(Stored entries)
==*==
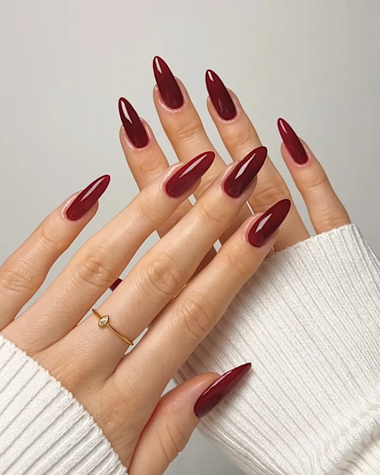 For those who love sharp, statement nails, this glossy stiletto set delivers. The deep burgundy shade feels both classy and daring, making it a perfect choice when you want your manicure to make a lasting impression.
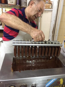 Eduardo Oscar Alvarez, «El Pelado» elaborando, dueño de la heladería que conserva el sistema SAAC
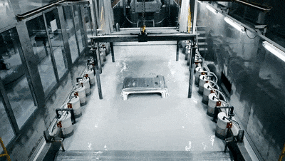 焊装车间共有62台机器臂手,具备100%焊接自动化、双主拼设计和不限车型数量的柔性生产能力。先进的工艺水平,带来精度、强度、轻量化方面的大幅提升:行业首次应用的内高压纵梁在车架总成焊接线上得以应用,通过内高压成型技术减少焊缝长度约18米,车架总成重量优化27公斤;国内首创的铝外板钢内板滚边工艺可实现车身减重12.6公斤;在铝板烘烤变形的精度控制上采用独有技术标准,可确保变形量控制在1.5毫米以内。
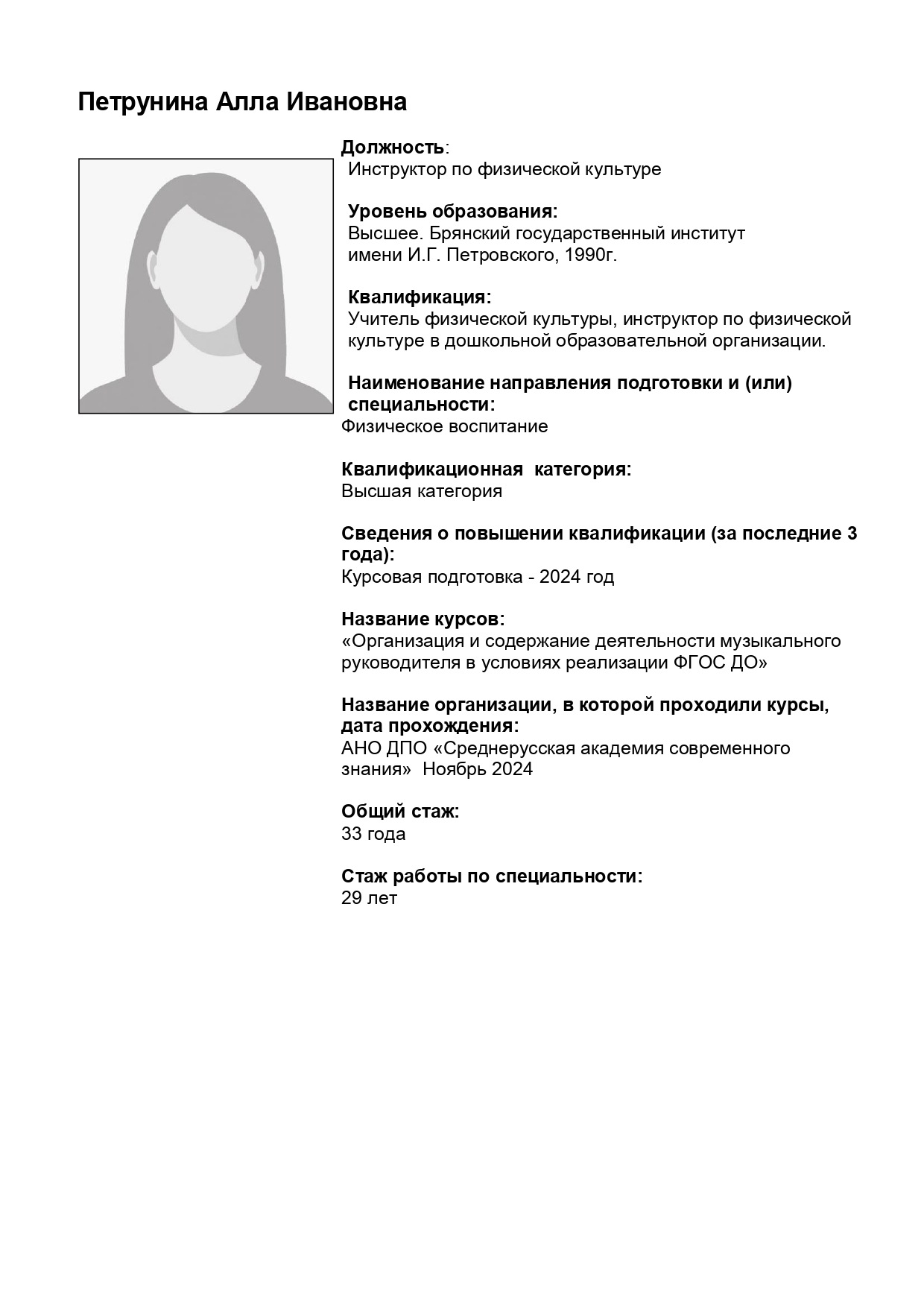 Петрунина Алла Ивановна (инструктор по физической культуре)
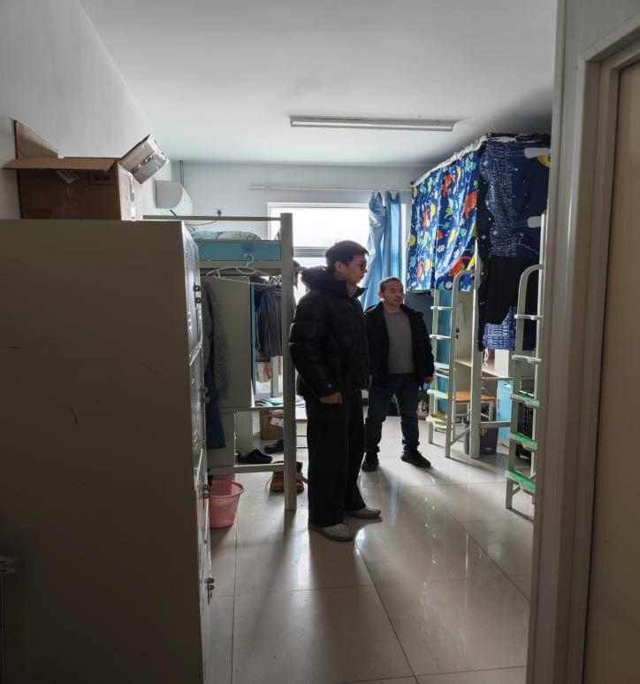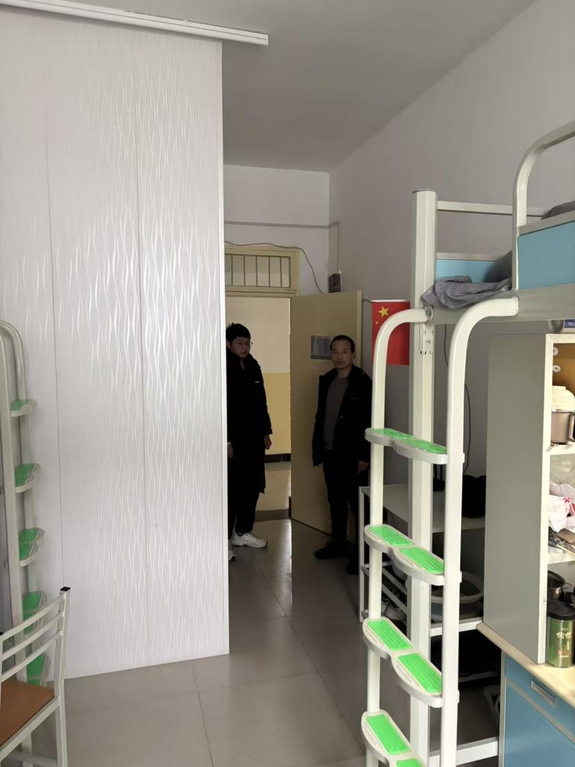 为切实筑牢寒假校园安全防线,营造安全整洁的宿舍居住环境。近日,15vip太阳集团学工办主任冯欢、研究生辅导员王新智及研究生学生干部对骊山校园研究生宿舍开展寒假卫生与安全检查。
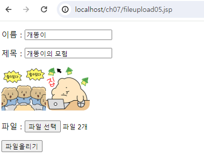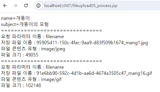 요청파라미터 : {name=개똥이, subject=개똥이의 모험, filename=파일객체}
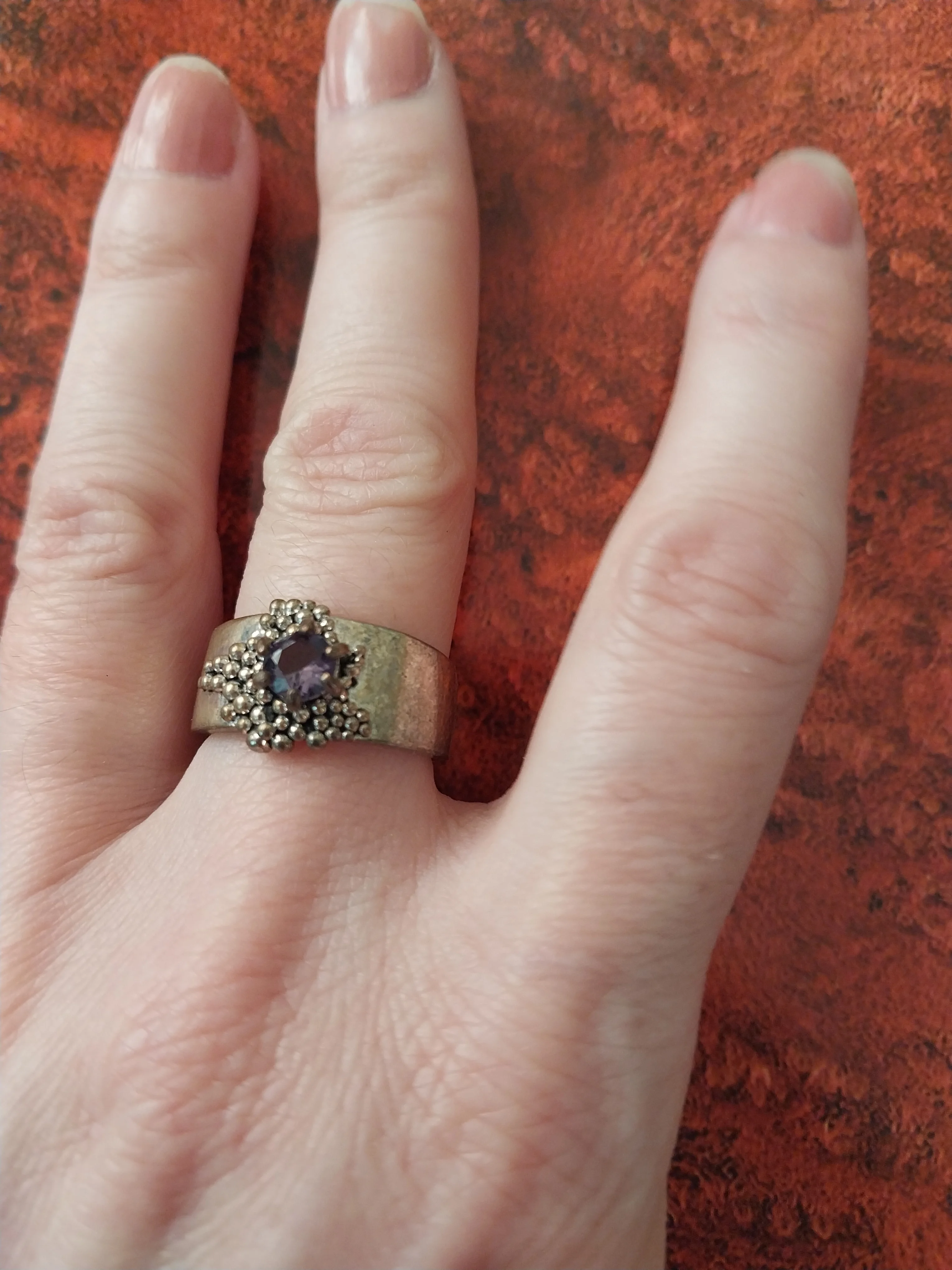 Кольцо женское серебристое с фиолетовым кристаллом и фианитом, стразы
==*==
Retype the entries exactly, skipping every picture.

→ Response area
 For those who love sharp, statement nails, this glossy stiletto set delivers. The deep burgundy shade feels both classy and daring, making it a perfect choice when you want your manicure to make a lasting impression.
 Eduardo Oscar Alvarez, «El Pelado» elaborando, dueño de la heladería que conserva el sistema SAAC
 焊装车间共有62台机器臂手,具备100%焊接自动化、双主拼设计和不限车型数量的柔性生产能力。先进的工艺水平,带来精度、强度、轻量化方面的大幅提升:行业首次应用的内高压纵梁在车架总成焊接线上得以应用,通过内高压成型技术减少焊缝长度约18米,车架总成重量优化27公斤;国内首创的铝外板钢内板滚边工艺可实现车身减重12.6公斤;在铝板烘烤变形的精度控制上采用独有技术标准,可确保变形量控制在1.5毫米以内。
 Петрунина Алла Ивановна (инструктор по физической культуре)
 为切实筑牢寒假校园安全防线,营造安全整洁的宿舍居住环境。近日,15vip太阳集团学工办主任冯欢、研究生辅导员王新智及研究生学生干部对骊山校园研究生宿舍开展寒假卫生与安全检查。
 요청파라미터 : {name=개똥이, subject=개똥이의 모험, filename=파일객체}
 Кольцо женское серебристое с фиолетовым кристаллом и фианитом, стразы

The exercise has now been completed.